Gabriele Rapetti, ex corteggiatore di Claudio Sona a ‘Uomini e Donne’, sostiene che il tronista veronese sia già fidanzato. Intervistato da ‘Gay.it’ a pochi giorni dalla sua esclusone dal programma, il giovane mette in dubbio la credibilità del primo trono gay della storia della televisione.

Claudio, in tv per cercare l’amore, sarebbe in realtà già fidanzato con un ragazzo veronese. Gabriele sostiene di averlo raccontato alla redazione del talk condotto da Maria De Filippi, che avrebbe finto stupore

Il tronista di Verona è già fidanzato e questo è certo, io lavoro a Verona e lo conosciamo tutti: ora cerca di non farsi vedere in giro con questa persona sino a che il programma non finisce. Ma non ci sto al fatto che la gente da casa venga illusa da questa novità mediatica! Io non sono l’esempio della perfezione e non lo sarò mai, ma chissà perché, quando ho iniziato a far trapelare certe cose, anche con la stessa redazione, l’atteggiamento è stato di “strano stupore” e di “finta indagine” e mi è stato detto che le cose, se sono vere, verranno fuori: ma se non ascoltate chi le cose le sa per certe (e non solo io), non farete venire fuori nulla, perché volete evitare polveroni e perdereste tutti i commenti sui social di quelli che non sanno nulla di tutto questo marcio e continuano a commentare con “che belli, che boni, che emozioni.

“I corteggiatori sono lì per visibilità”.

Gabriele sostiene inoltre che anche gli altri corteggiatori sarebbero al corrente della situazione sentimentale di Claudio e che parteciperebbero al primo trono gay di ‘Uomini e Donne’ solo allo scopo di ottenere visibilità

A prescindere dal fatto che non ho avuto molto interesse a conoscere il “tronista” in quanto mi è parso molto burattino e comandato, volevo specificare che i vari DJ e PR sono lì per, testualmente detto, “aumentare i followers delle loro pagine”, con l’aggiunta di “questa tanto è passiva”, “ha già un fidanzato, quindi stasera orge!”, “abbassiamo le mutande con gli autori”, “stiamo lì sino a quando non ci manda via” (e intanto Mediaset spende in biglietti del treno, alberghi, pulmini).

Conclude quindi con un’accusa precisa

Il programma ci sta, ma il contenuto dei partecipanti è illusorio e finto. La redazione ha fatto un lavoro di selezione di alcuni mesi, come mai sono restate persone a cui non gliene frega un cazzo di conoscere qualcuno, che vanno in giro la sera a fare le peggiori porcate o scrivono ancora sulle chat con profili anonimi?

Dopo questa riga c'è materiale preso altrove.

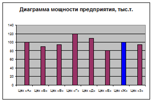 Производственная мощность предприятия рассчитывается по ведущему цеху. Для этого определяются производственные мощности всех цехов и строится диаграмма мощностей предприятия. На рисунке 4.1 изображена диаграмма мощностей в разрезе цехов предприятия.

Perché le selezioni non le hanno fatte gli stessi autori degli altri troni? Perché affidare questa responsabilità a chi è infiltrato nel mondo gay, quello marcio, e non a uno normale, comune, con una vita magari anche monotona ma che viva veramente di sentimenti e emozioni non influenzate dalla voglia di Instagram, Facebook, Grindr e blog?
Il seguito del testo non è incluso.